Helping You Get the Most Out of Your Misery
Tuesday, October 05, 2004
To Veep, Perchance to Dream
(We join the Vice-Presidential Debate already in progress.)
MODERATOR: Mr. Vice-President, I have to remind you that guns are not permitted in this venue and are against debate rules.
CHENEY: (Waving his Uzi around) That's the kind of pussy logic that's gonna hand this country over to the Soviets.
EDWARDS: Mr. Cheney, the Soviet Union dissolved years ago.
CHENEY: Go fuck yourself, hairdo. (He flips the safety on and tosses the gun to a secret service agent offstage.) Next question.
MODERATOR: Senator Edwards, during the Democratic primary, you expressed some ideas about healthcare that didn't seem to jibe with the position of your now-running mate. Which of those ideas have you brought to the campaign?
EDWARDS: Let me tell you something, I have spent enough time over the years in hospital waiting rooms, trolling for clients, that I've gotten to know the American health care system pretty darn well. You've got a bunch of huge corporations out there afraid to give their clients the services they need and deserve because it has a negative impact on their own bottom line. That's no way to treat someone who's ill. It's a symptom of the Two Americas we have out there. It needs to change. Also, I've got to say that medical supply companies charge way, way too much for foam neck braces. Even if you buy 'em in bulk.
MODERATOR: Mr. Vice-President?
CHENEY: This candy-assed little pretty boy talks like there's something wrong with huge corporations. Listen, you piss-ant prairie punk, without huge corporations, there would be no U.S.A., you got me? So instead of whining and suing them and taking their money, why don't you get down on your calloused fucking knees and thank them for allowing you to exist.
MODERATOR: Mr. Cheney, I really don't want to have to remind you again that this debate is being aired live on network television and you should censor your language.
CHENEY: Sensor my fucking colon, dipshit. This is how a real man talks. I think the nation needs to know the difference between a real man and a shiny suit full of quivering bitch.

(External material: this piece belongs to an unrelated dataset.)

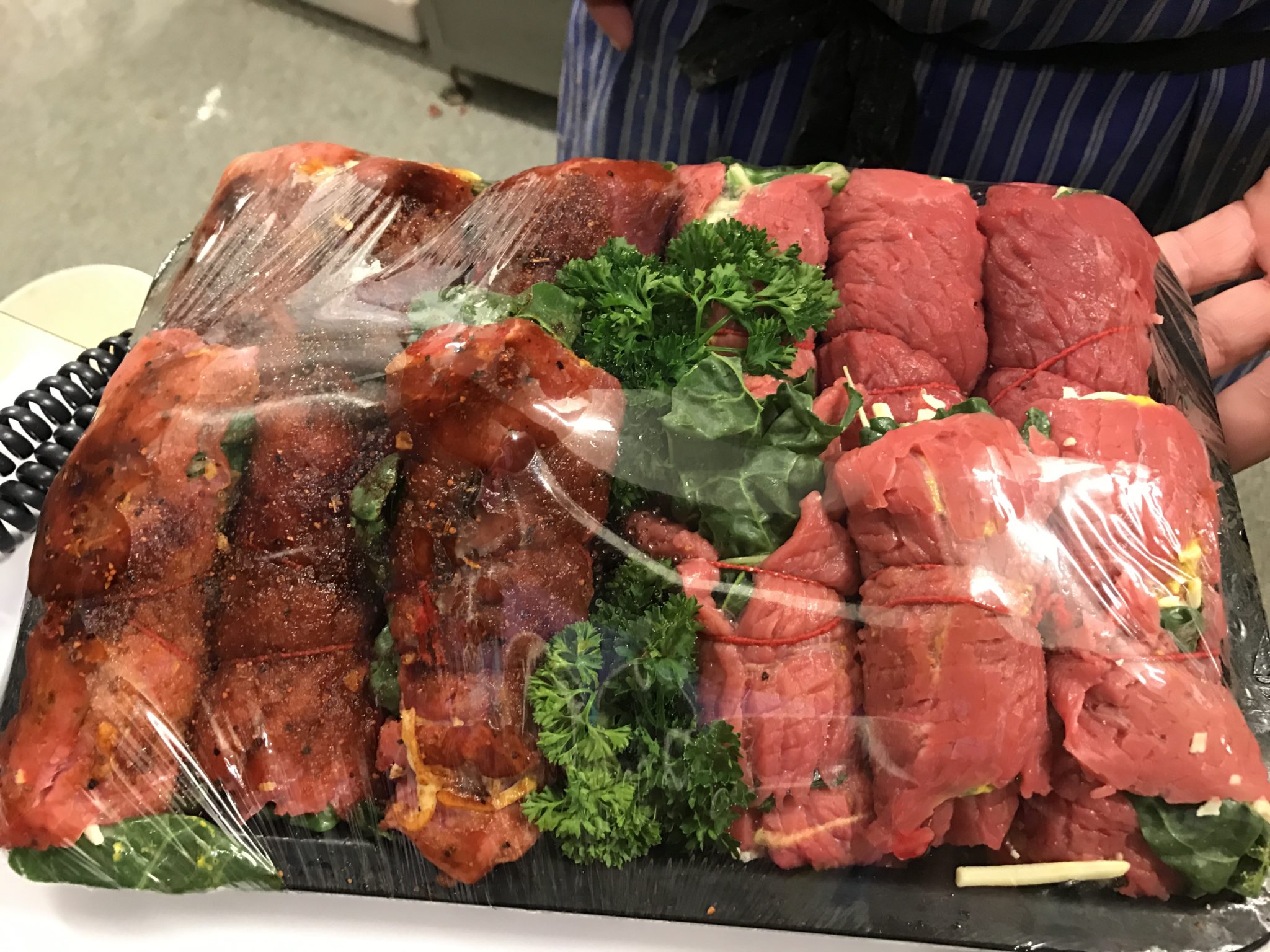Our Popeye Steaks are grass-fed beef steaks filled with mustard, cheese and spinach.

EDWARDS: Okay, that's enough, old man. (He throws his jacket to the floor and loosens his tie.) You're about to eat more carpet than your daughter.
CHENEY: (Throwing over his chair) I'm going to take you down like a Kennedy in the sixties!
(They grapple and fight. Cheney rips chunks of Edwards' hair out. At one point, Cheney has a small heart attack, then continues fighting. Finally, the moderator steps around his table and brandishes a taser.)
MODERATOR: Gentlemen, if you don't return to your places, you will be finishing this debate as quivering heaps of jelly..
(Cheney and Edwards limp back to their corners.)
MODERATOR: Let's have your closing remarks.
EDWARDS: Haliburton. NeoCon. Liar.
CHENEY: Insubstantial. Pussy. Trial lawyer.
MODERATOR: Thank you. We're done now. Go home. (To himself) I can't fucking wait for November 3rd.